### [INFORMATION GIVEN]
--- START ---

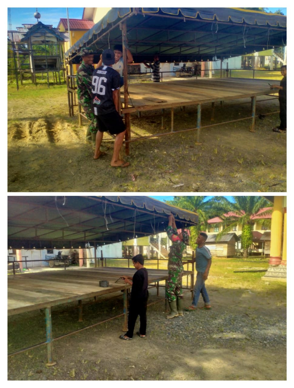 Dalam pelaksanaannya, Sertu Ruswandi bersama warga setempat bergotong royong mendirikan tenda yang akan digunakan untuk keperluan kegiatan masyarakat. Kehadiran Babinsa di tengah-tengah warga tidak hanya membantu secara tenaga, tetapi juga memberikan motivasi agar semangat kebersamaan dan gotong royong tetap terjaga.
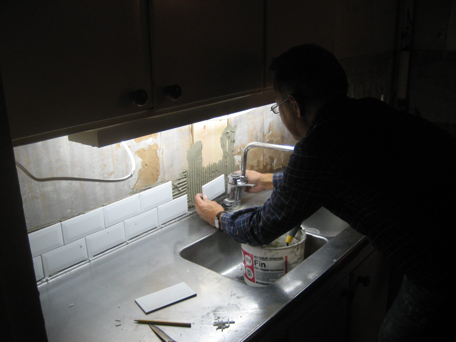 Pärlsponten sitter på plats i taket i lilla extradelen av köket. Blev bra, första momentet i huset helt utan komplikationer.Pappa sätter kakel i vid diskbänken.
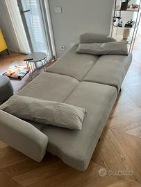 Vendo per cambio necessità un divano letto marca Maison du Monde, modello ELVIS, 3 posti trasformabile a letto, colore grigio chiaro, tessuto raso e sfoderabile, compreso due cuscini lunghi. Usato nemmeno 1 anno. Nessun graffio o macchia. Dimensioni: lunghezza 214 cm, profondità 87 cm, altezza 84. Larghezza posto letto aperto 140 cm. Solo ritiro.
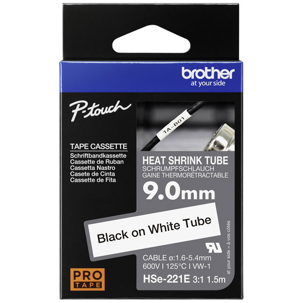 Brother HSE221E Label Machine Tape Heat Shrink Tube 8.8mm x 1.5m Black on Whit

--- END ---
--- START ---

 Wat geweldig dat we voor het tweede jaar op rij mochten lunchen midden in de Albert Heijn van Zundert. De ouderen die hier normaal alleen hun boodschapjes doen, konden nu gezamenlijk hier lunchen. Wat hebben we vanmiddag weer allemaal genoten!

--- END ---

### [WHAT YOU NEED TO DO]
Copy word for word the lines above, starting at the line containing "Pärlsponten sitter på" and ending at the line containing "Brother HSE221E Label", inclusive, with no pictures.

### [ANSWER]
 Pärlsponten sitter på plats i taket i lilla extradelen av köket. Blev bra, första momentet i huset helt utan komplikationer.Pappa sätter kakel i vid diskbänken.
 Vendo per cambio necessità un divano letto marca Maison du Monde, modello ELVIS, 3 posti trasformabile a letto, colore grigio chiaro, tessuto raso e sfoderabile, compreso due cuscini lunghi. Usato nemmeno 1 anno. Nessun graffio o macchia. Dimensioni: lunghezza 214 cm, profondità 87 cm, altezza 84. Larghezza posto letto aperto 140 cm. Solo ritiro.
 Brother HSE221E Label Machine Tape Heat Shrink Tube 8.8mm x 1.5m Black on Whit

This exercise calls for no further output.